In the age before climate change finally renders life on Earth unsustainable, the whole notion of the seasons ebbing and changing is fast becoming a nonsense. At least in Australia, the summer is officially defined as beginning on December 1st and ending on February 31st, thus allowing for the fact that the arbitrary overlay of the calendar is equally variable and also a nonsense. When coupled with the fact that the summer doesn't line up with the already arbitrary overlay of the calendar and falls in two calendar years, the playing of cricket in an Australian summer is just the overlay of a nonsensical game, over the top of two other nonsenses.
In my mind, summer in Australia begins at precisely 10:30am Queensland time (because Queensland sensibly doesn't use Daylight Savings Time; which is yet another nonsense), when the first ball of the First Test is bowled. That means that in my arbitrary nonsensical scheme of things, the summer started yesterday when the first ball of the first over of the First Test was bowled. Welcome to the summer.

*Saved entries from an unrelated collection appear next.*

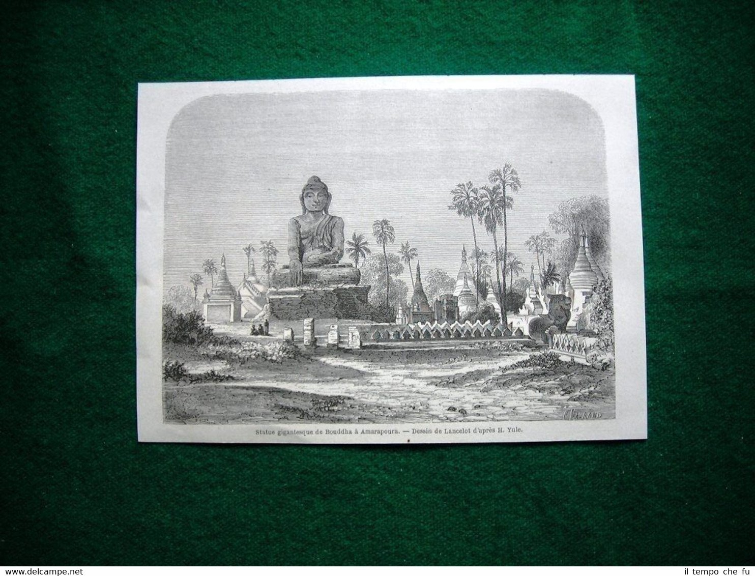 Gravure année 1860 statue gigantesque de Bouddha à Amarapoura, Birmanie
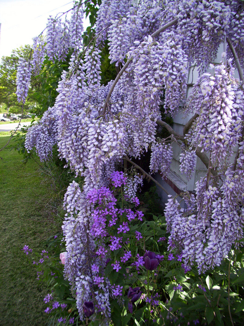 Blomster: Flotte hængende lilla blomster i 15-30 cm lange klaser. Tidspunkt: Maj-juni. Blade: Grønne blade. Væksthøjde (cm): 1000 (klatreplante) Vækstbredde varierer efter forholdene. Optimale jordforhold: Humusrig jord Bemærkninger: Aflange, hængende grå bælge. Sol-halvskygge
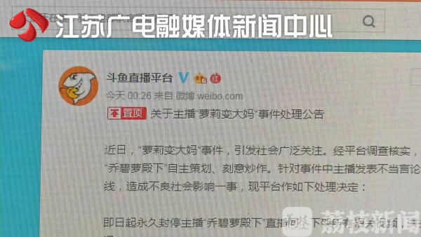 今天凌晨,斗鱼在官方微博上发布公告称,"萝莉变大妈"事件为主播策划刻意炒作,永久封停其直播间。今天上午10点,记者联系上斗鱼公关负责人潘飞虎,对方称在开车半小时后联系,但此后电话、微信等途径都不再回复。主播年龄究竟多大,此前主播获利情况如何等问题依然没有明确。
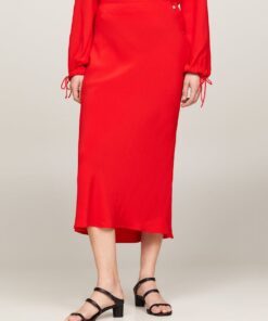 Make an entrance at special events in this maxi skirt cut from drapey fabric and elegantly enhanced with branded hardware.
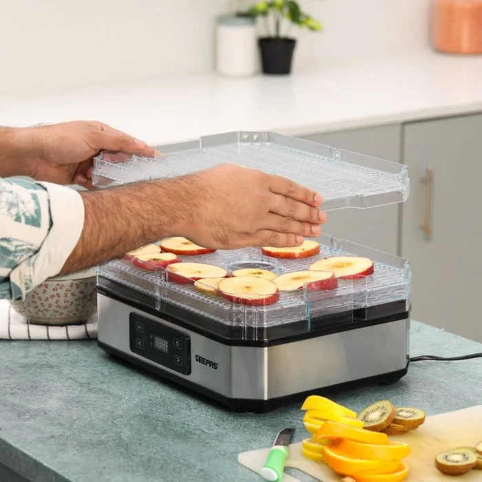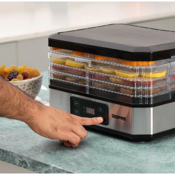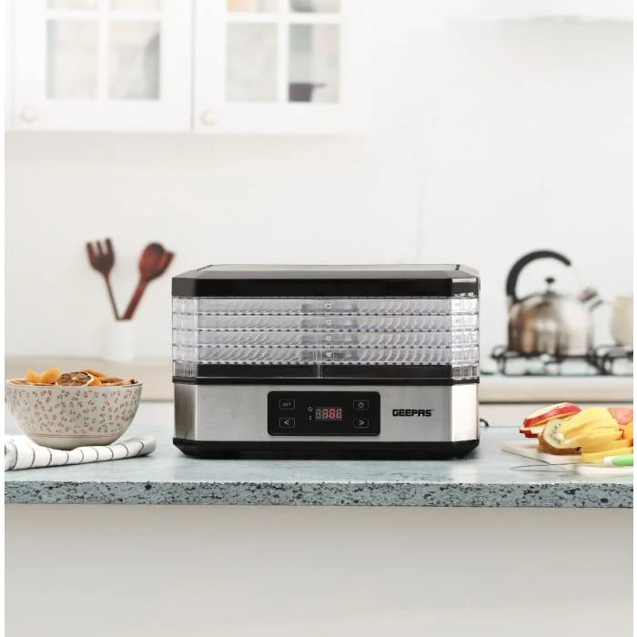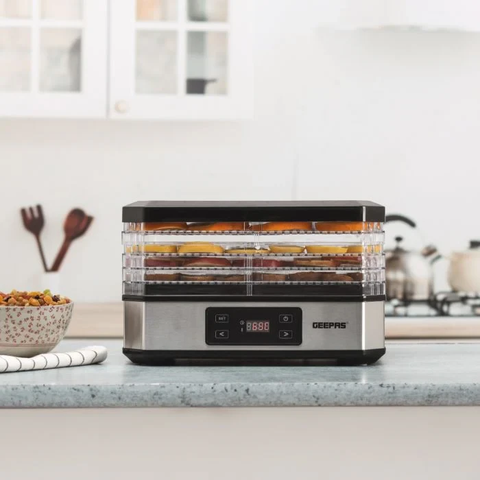 The Geepas GFD63013N Digital Food Dehydrator is a helpful and easy-to-use appliance that helps dry and keep a variety of foods fresh for longer. It comes with 5 stackable trays, making it simple to dehydrate fruits, veggies, herbs, meats, and other foods all at once. You can adjust the temperature to suit each type of food, and the 48-hour timer helps you set the exact drying time you need. Powered by a 500W motor, it spreads heat evenly to help keep the food’s natural taste, color, and nutrients. The digital panel, small size, and quiet running make it great for making healthy snacks and storing food for the future.
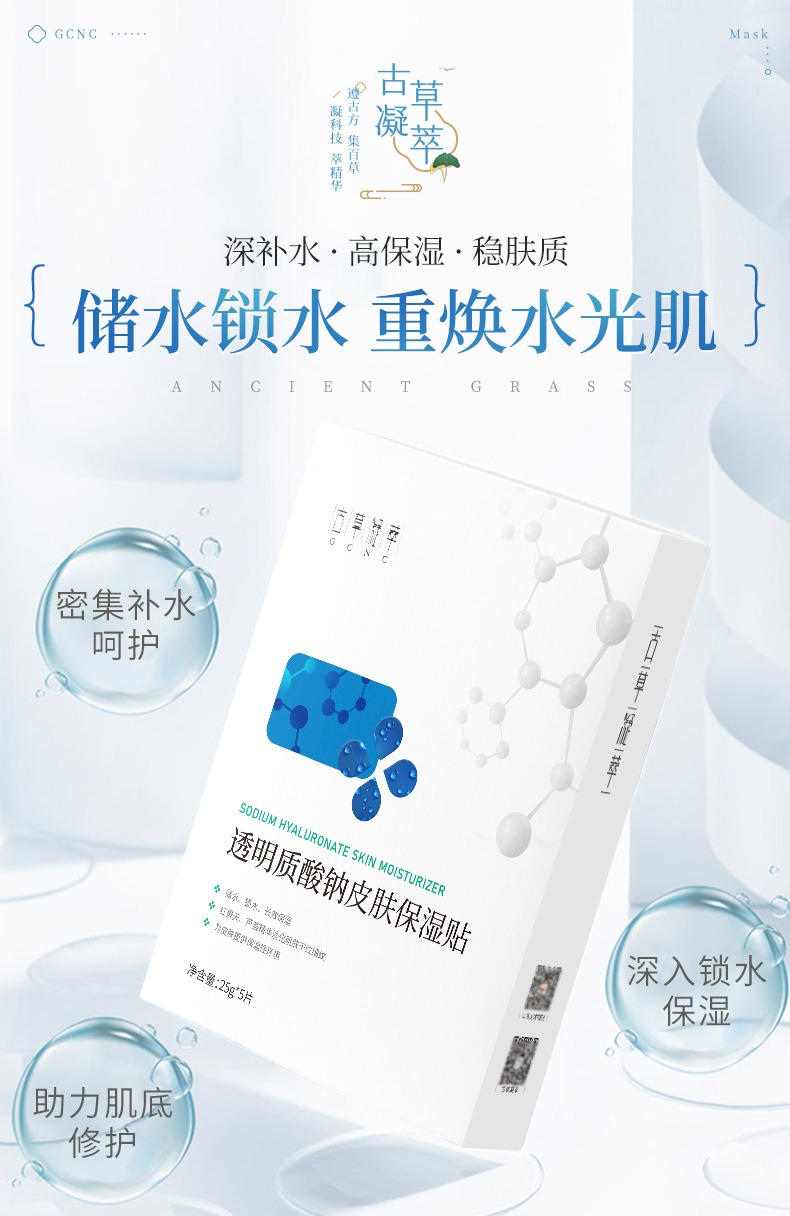 玻尿酸是大家公認的補水神器,但脫離了保濕的補水,留不住水分,補再多也沒有用。古草凝萃透明質酸鈉保濕貼采用高活性小分子玻尿酸,它屬華熙生物專研成分納諾miniHA,其中大分子HA能形成透氣水化膜,減少內(nèi)部水分流失;小分子HA可在肌膚表面補水同時在肌膚內(nèi)部輸送水分;miniHA能直達肌底層深入補水?稍谄つw上構建立體網(wǎng)狀儲水海綿層,精準定位皮膚的不同層次,外層補水,內(nèi)層鎖水,層層保濕,層層修護。更重要的是運用了國際先進的酶切法,能直達肌底層深度補水,達到真正補水并鎖水的效果。
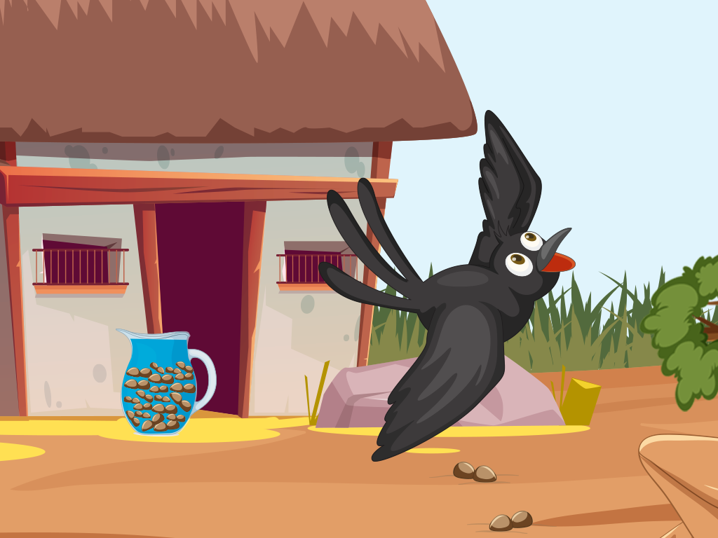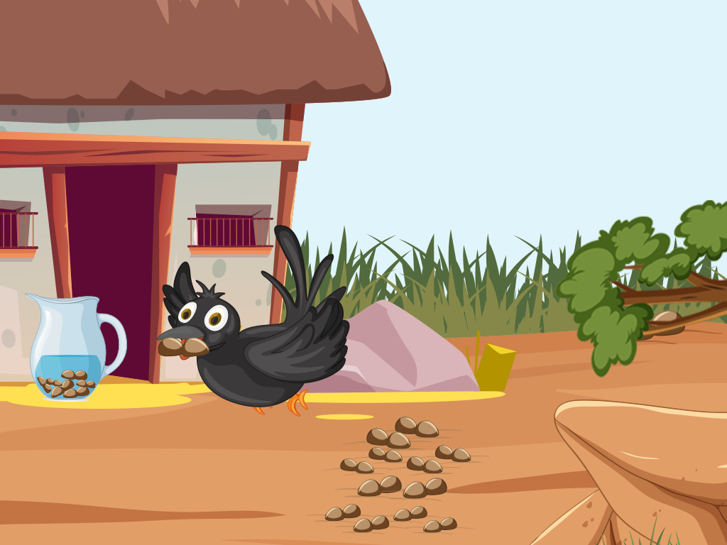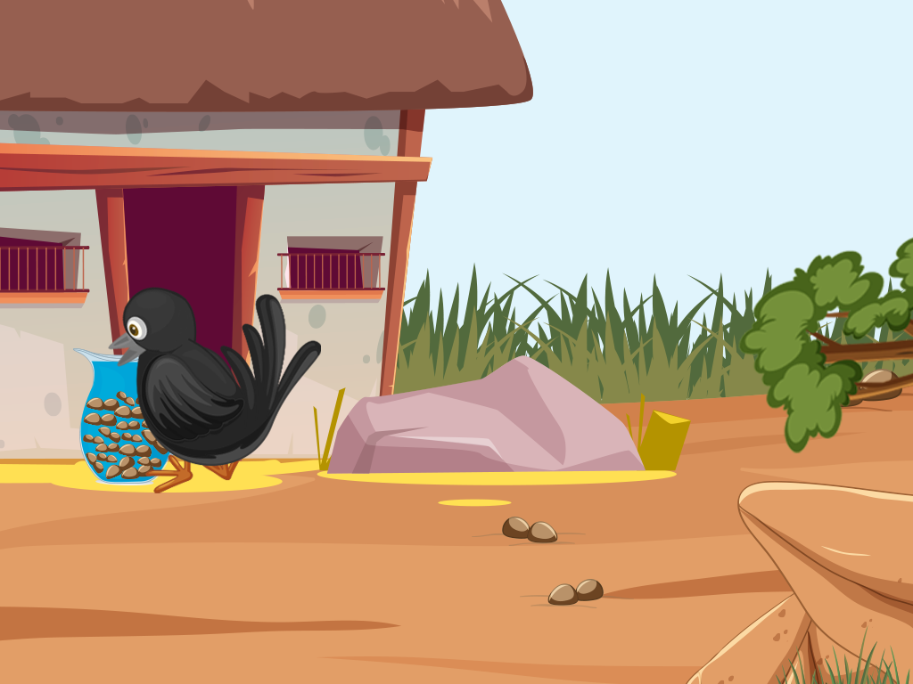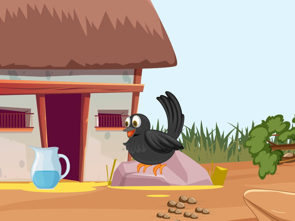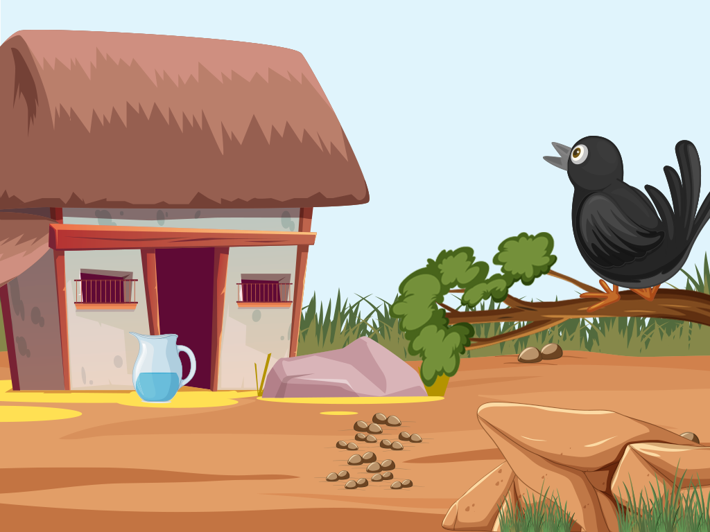 Kiki, a thirsty crow, resided in a parched and desolate area. She had flown for miles looking for water, but the heat had worn her out, and now she was dehydrated. She looked everywhere but came up empty-handed.
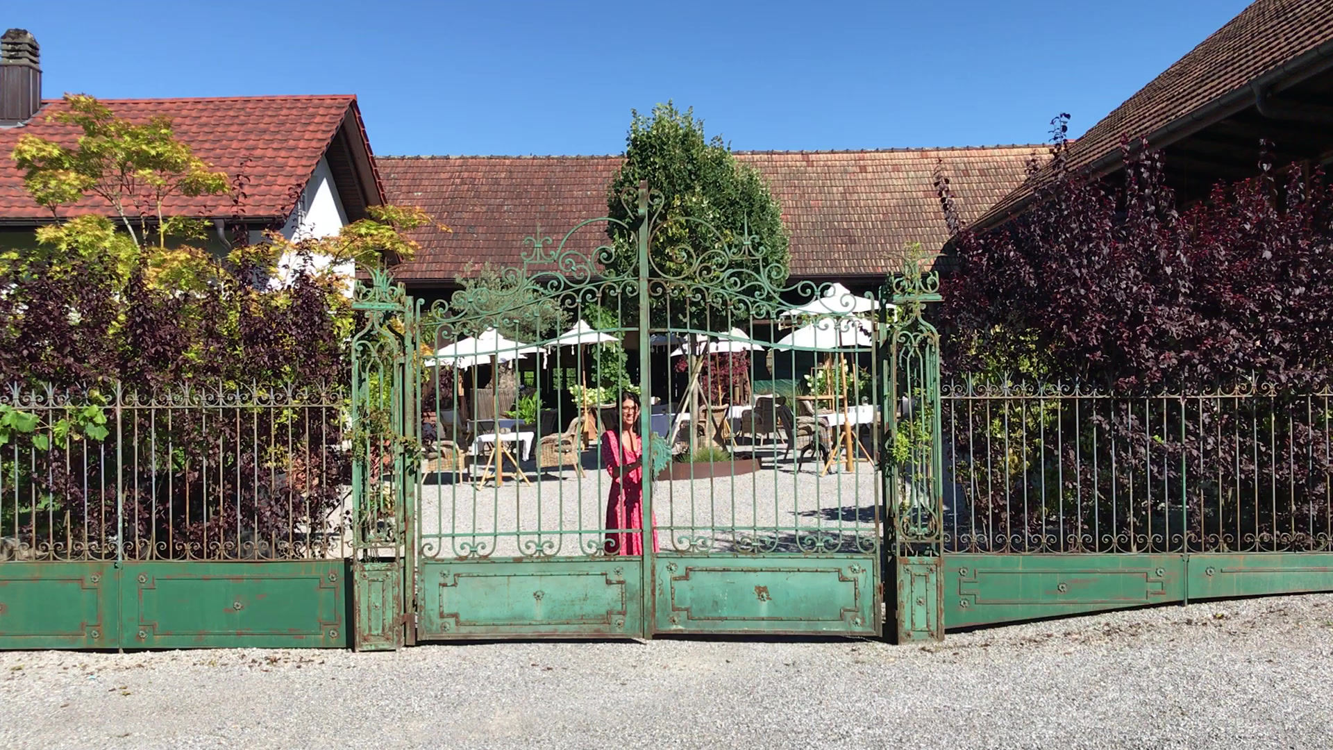 Durch das grosse, genöffnete Eisentor betretet Sie und Ihre Gäste den grosszügigen Hofplatz und das «Gelände» der G23riverside Genuss & Erlebnis Location.
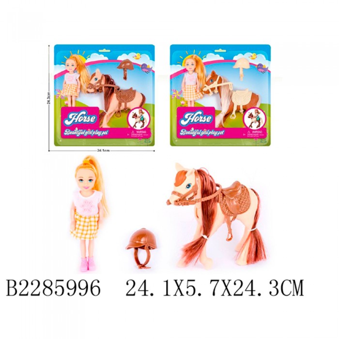 Размер упаковки: 24,1 х 5,7 х 24,3 см Функционал: игровой тематический набор Упаковка: блистер на картоне с подвесом Страна производитель: КНР Материал: пластик, текстиль Комплектация: кукла - 1 шт., комплект одежды и обуви - 1 шт., лошадь - 1 шт., шлем - 1 шт., седло - 1 шт. Возраст ребенка: от 3 лет Набор с аксессуарами по уходу за лошадью представляет очень хорошо детализированные и проработанные образы. Особенности: - реалистичный внешний вид; - набор уходовых аксессуаров в комплекте; - компактные размеры; - гриву лошади и волосы куклы можно причесывать и заплетать; - седло снимается; - прочный безопасный материал. Как использовать: - в качестве демонстрационного материала; - для сюжетных игр; - тематических коробок и занятий; - знакомство с жизнью лошадей и процессом груминга.. Такие игры: - расширяют словарный запас и кругозор; - дают сведения об окружающем мире.
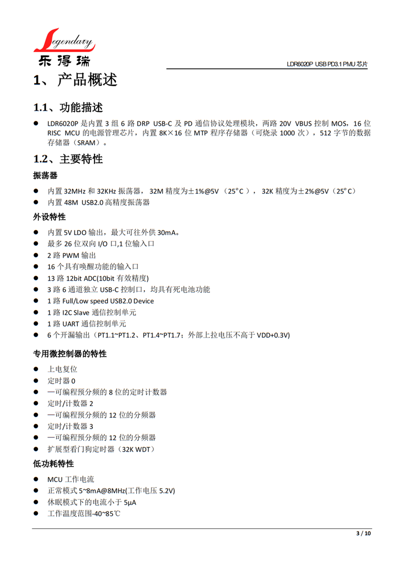 一、USB PD3.1 SOC控制芯片LDR6020
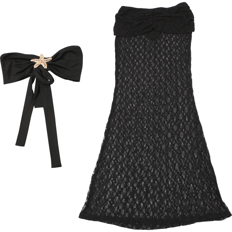 Summer Women Clothing Solid Color Sexy Lace up Tube Top Lace Maxi Skirt Two Piece Set for Women
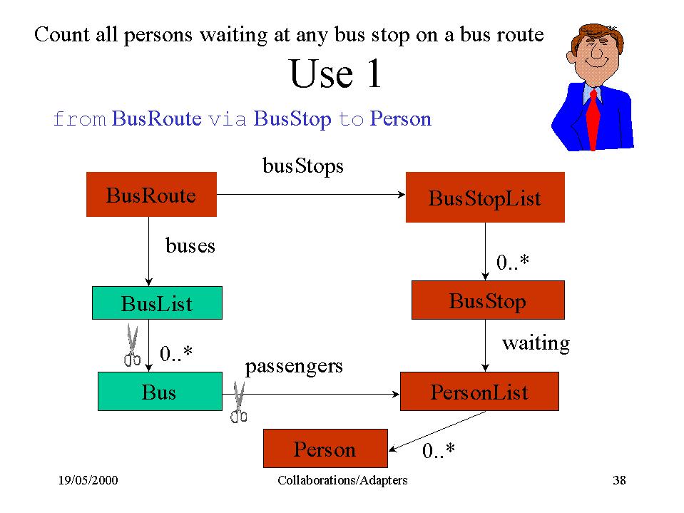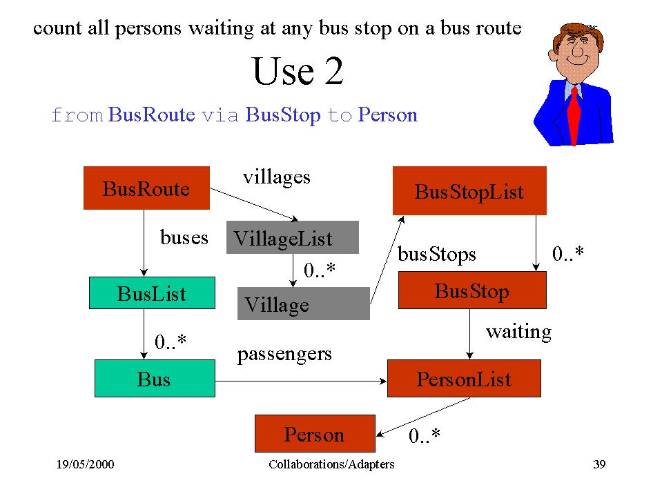 If we wish to count the number of persons riding in buses we call: aBusroute.countPerson(new TraversalGraph("via Bus to Person")). If we wish to count the number of persons waiting at bus stops we call: aBusroute.countPerson(new TraversalGraph("via BusStop to Person")). Note how much navigation code we have eliminated if we use the code in the following two class diagrams:BusRoute BusRoute with villages .
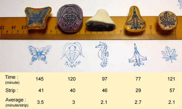 Me tardé 102 minutos a completar este patrón de gato (solo paso 3), contiene 39 tiras, cada tira necesidad 2,6 minutos para cortar, ajustar y pegar. Por supuesto algún patrón podría ser más fácil hacer que otros, trato de algunos diseños más diversos, obtener resultado que necesitan de una tira 2.1-3.5 minutos, deseo que esta información podría ayudar a determinar cuánto tiempo puede tomar para hacer su propio sello.
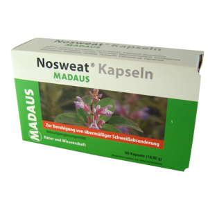 Nosweat Kapseln enthalten 120 mg Salbeiextrakt und wirken beruhigend bei übermäßiger
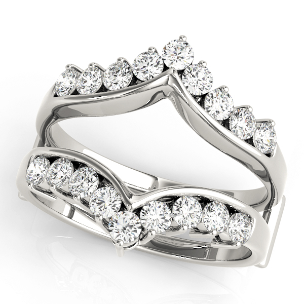 14k White Gold Wedding Band with 18 – .03PT Round Stones, equal to 1/2 carats total weight. Can be customized to fit any stone and in any material. Please contact Ronelli Corp for custom orders and modification information, as pricing may vary.
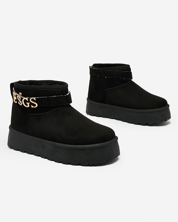 - Mega štýlové dámske zateplené snehule z ekologickej semišovej kože. Majú stred vyplnený kožušinou a'la ovčia koža. Okrem toho odnímateľné eso zdobené nápisom. Topánky na vysokej platforme - ideálne k zimným ležérnym outfitom!
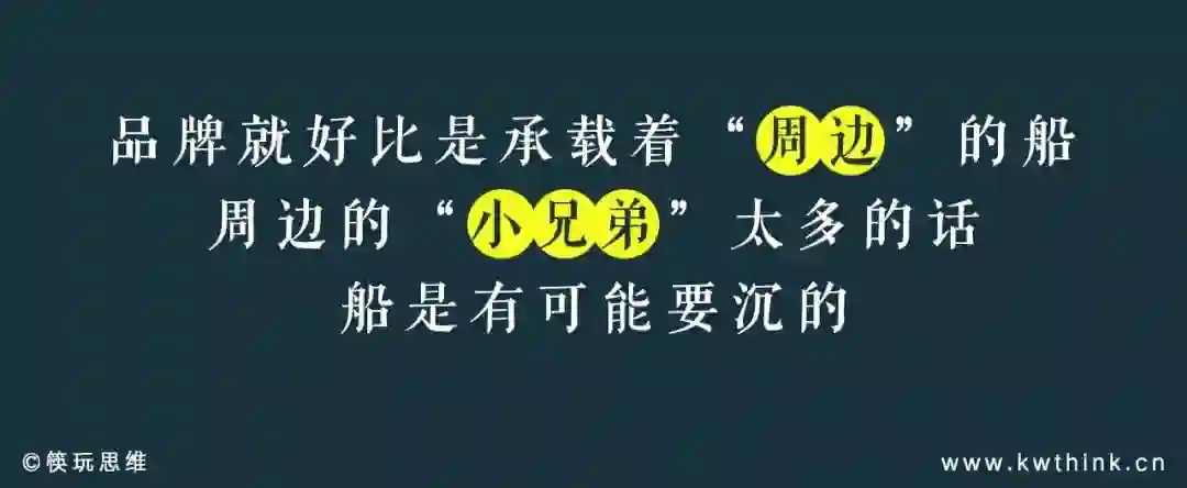 但是,任何品牌的信用都是有限度的。周边的品类繁杂,意味着品牌信用的透支。换句话说,品牌就好比是承载着“周边”的船,周边的“小兄弟”太多的话,船是有可能要沉的。

I would have said that the first day's play was likely to be an indication of the relative strengths of the two teams this summer.
Australia can not rely on the assumption that they are the best team in the world and that everyone else is just grist for the cricketing mill, because recent evidence would suggest that they have difficulty finding their way out of a wet paper bag, with holes cut in the side and with neon signs pointing the way out. (By the way, have you tried to get a paper bag fitted for neon signs? I tried and found it very difficult to find someone who would operate in a workplace that small.)
England on the other hand, always operate on the assumption that they are terrible. We always remember Our Lady Jenny Bull Of The Perpetual Assumption Of Rubbishness (amen), and that England being crap at cricket is just one in the long line of being crap at every sport including football, rugby, running, swimming, netball, hockey and losing an empire. The only sport which England seems to excel at is motor racing and Lewis Hamilton has proven that by becoming Formula One World Champion again, but even that falls on the predicate that he is driving a Silver Arrow which has been engineered by Germans.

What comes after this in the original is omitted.